The Cordoba House Debate: "It's Like A Dog Chasing Its Tail"

A lot has been written and will be written about the controversy* surrounding the proposed construction of the Cordoba House, two blocks from the World Trade Center site in Lower Manhattan. The Cordoba House, an Islamic cultural center, also happens to include a space for prayer commonly known as a mosque. It is but one of several programs of the Cordoba Initiative, a non-profit organization dedicated to improving and cultivating "multi-cultural and multi-faith understanding across minds and borders."

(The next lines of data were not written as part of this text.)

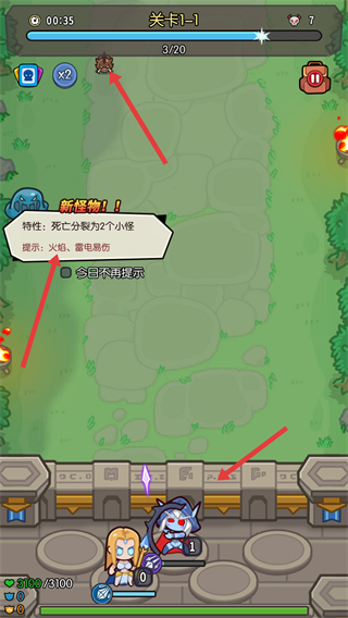 3、會遇到新怪物,其特性為死亡分裂為2個小怪,需注意怪物的特性和弱點,調(diào)整防御策略,有效擊敗怪物。
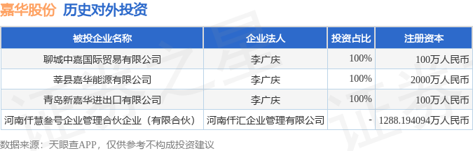 证券之星消息,根据天眼查APP显示,嘉华股份(603182.SH)新增一起对外投资事件,被投资公司为河南仟慧叁号企业管理合伙企业(有限合伙),法定代表人河南仟汇企业管理有限公司,投资占比为-。该公司从事商务服务业,注册资本为1288.194094万人民币。目前,嘉华股份共存在对外投资4项,详见下表:
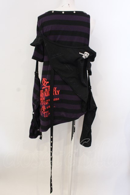 Drug Honey / アームカバー付きレイヤードボーダーカットソー パープル×ブラック O-25-04-07-013-PU-TO-IG-OS
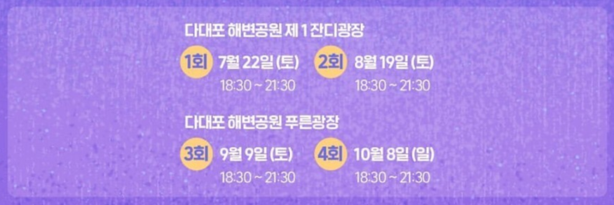 기간 : 7/22(토), 8/19(토), 9/9(토), 10/8(일)
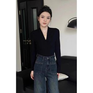 法式高级感黑色正肩V领长袖T恤女秋冬季气质百搭褶皱收腰针织上衣
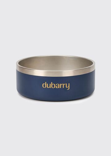 Gamelle pour chien en acier inoxydable, couleur marine, avec logo Dubarry doré.
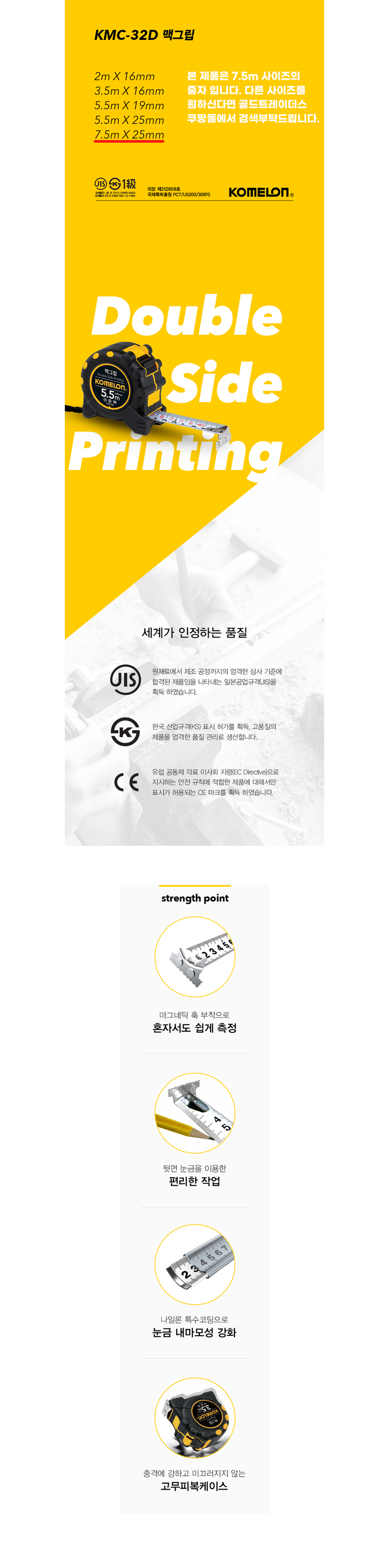 코메론 맥그립 양면 눈금 줄자 7.5m x 25mm KMC-32d
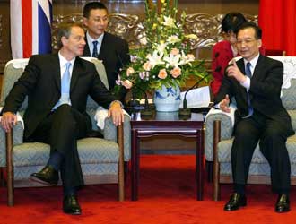 The administrative power of Hong Kong has smoothly returned to China and an all-round Sino-British partnership has been forged, the premier said. Wen also put forward four suggestions on the future development of Sino-British relations: To maintain high-level mutual visits of government officials, to expand trade and economic co-operation, to enhance cultural and educational exchanges and to resolve each other's discrepancies and differences through consultation and dialogue. Meanwhile, Wen reiterated China's stance on the issues concerning Taiwan and Tibet and exchanged views with Blair on international issues of common concern. Blair said contacts with Chinese personalities from various circles have given him a better understanding of the one-China policy, noting that the British side would adhere to the policy when dealing with relevant issues. In view of the present complicated and changeable international situation, Wen said it is necessary and urgent for China and Britain, both permanent members of the United Nations Security Council, to strengthen co-operation either for the maintenance of world peace or for economic development.
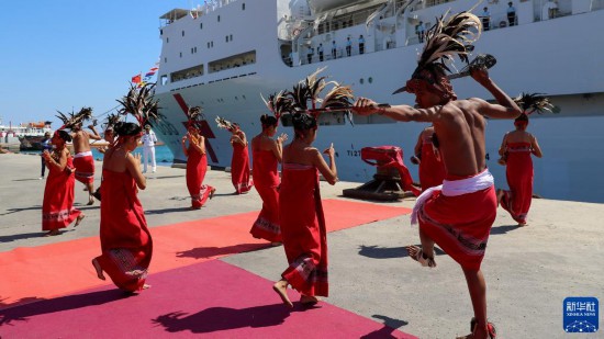 9月3日,中國海軍“和平方舟”號醫院船抵達東帝汶帝力港,當地民眾表演特色歌舞歡迎。新華社發(徐巍 攝)
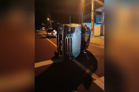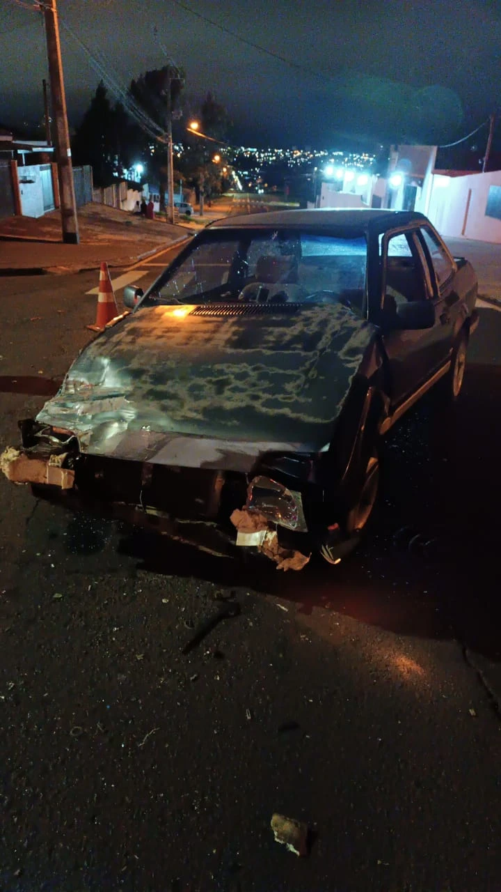 Dois veículos se envolveram em colisão no cruzamento das Ruas Alcebíades de Miranda e João Carlos Cogo, no Parque Nossa Senhora das Graças, no bairro Boa Vista, às 22h33 de sábado (21). Uma caminhonete Ford Ranger capotou depois de colidir contra um VW Apollo.
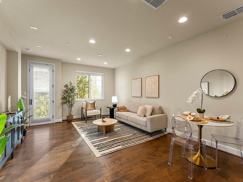Welcome to Tranquility – a modern retreat as peaceful as the street's name. Positioned in Livermore’s Sage community, this home blends sophistication & laid-back charm, w spaces to connect, unwind and create lasting memories. The home’s sleek design & unobstructed front make it shine. Step in to an open floor plan that just begs for housewarming parties & cozy movie nights. A 1st level bedroom & full bath is ideal for guests, in-laws, or an escape for "wfh" days. The 2nd level is where the magic happens: a stunning kitchen w quartz counters, GE appliances, & a peninsula ideal for pancake flipping or wine pouring. Dining & living areas flow seamlessly into a private balcony, perfect for coffee or stargazing. On the 3rd level, the primary suite is your sanctuary, w a spa-like en-suite & a walk-in closet. An additional en-suite bedroom down the hall adds versatility & convenience. With an attached 2-car garage, laundry room, & triple-pane windows that silence the outside world, this home has it all. Don’t forget the perks of the Sage community: pool, gym, parks, trails & more, all at your fingertips. Commuter? Adventurer? Wine lover? The location hits all the marks, minutes from highways, BART, award-winning wineries, downtown Livermore & even more!
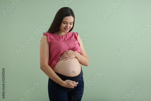 Beautiful pregnant woman on color background
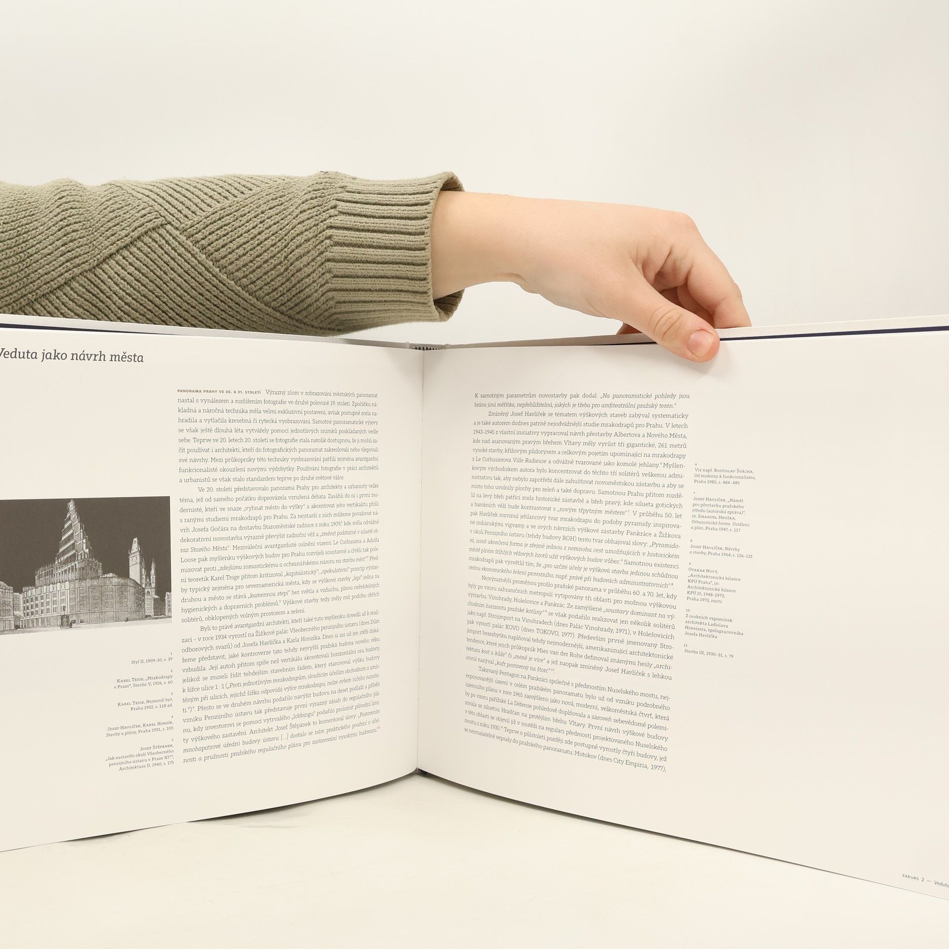 Kniha Pražské veduty / jak se dívat na (historickou) městskou krajinu zkoumá, jak bylo město zobrazováno v různých obdobích, a ukazuje, jak lze číst jeho kompozici prostřednictvím vedut. Publikace se zaměřuje na vývoj vnímání Prahy za více než pět století, s důrazem na posledních padesát let a výhled do budoucna. Vydává ji Institut plánování a rozvoje Praha jako příspěvek k debatě o výškové kompozici města, která je stále aktuálnější. Kniha je rozdělena do tří kapitol a čtyř obrazových exkurzů. První kapitola se věnuje Praze jakožto městu zapsanému na seznamu UNESCO a jeho historické kompozici. Druhá kapitola analyzuje, jak lze číst dnešní metropoli na základě principů, které formovaly její vývoj. Třetí kapitola se zaměřuje na proměnu historické městské krajiny s důrazem na vertikální rozměr zástavby, zejména v 20. století. Obsahuje také "Veduty k doplnění", které jsou součástí nového návrhu Metropolitního plánu. Následují čtyři obrazové exkurzy zahrnující historické veduty a architektonické návrhy z 20. století. Klíčovým prvkem knihy je unikátní soubor panoramatických vedut fotografky Ester Havlové, který doplňuje regulaci výšek podle Metropolitního plánu a naznačuje možnosti dalšího rozvoje kompozice města. Grafickou podobu publikace vytvořila Kateřina Koňata Dolejšová.

Much of the discourse in opposition to the proposed Cordoba House has proven to be vacuous and fear driven. I have been so frustrated that it has been difficult for me to articulate my thoughts on the matter. To gain some perspective on the issue, I contacted a good friend, Kate, a proud New Yorker who was in Manhattan on September 11th. Kate always has a well reasoned, informed, and most importantly, sincere take on things. Here is what she said:

Okay, now for the mosque debate as it has been dubbed- never mind that this is intended to also be a place where Muslims and other Americans can find common ground. I guess I can sum it up like this: I am a Jew, my people have been through the worst of humanity, time and time again because of that fact. For me to deny anyone the right to practice their religion in a peaceful way goes against everything my people stand for. All Muslims are not terrorists, just like all Christians are not religious fanatics, and all Jews are not zealots. I have met many Muslim people who embraced me with open arms even though our people have faced a strained relationship over the years. I respect their dedication to faith and family.

Aren't we all being just a tab bit hypocritical? Haven't we fought for religious freedom throughout history? Isn't that why we sought out the new land? Wasn't that our foundation as a country? And isn't the ability to set up shop (i.e. a place of worship) wherever and whenever a religious group wants, aligned with our freedom of religion? I get confused when Americans want to uphold some of our constitutional rights like owning firearms, but not others. And I thought most Americans appreciate the 1st Amendment, but perhaps not the freedom of religion part unless it's Christianity. It's like a dog chasing its tail... eventually, it will bite itself. It's frustrating, and politicians spinning this issue to meet their own agenda is reprehensible.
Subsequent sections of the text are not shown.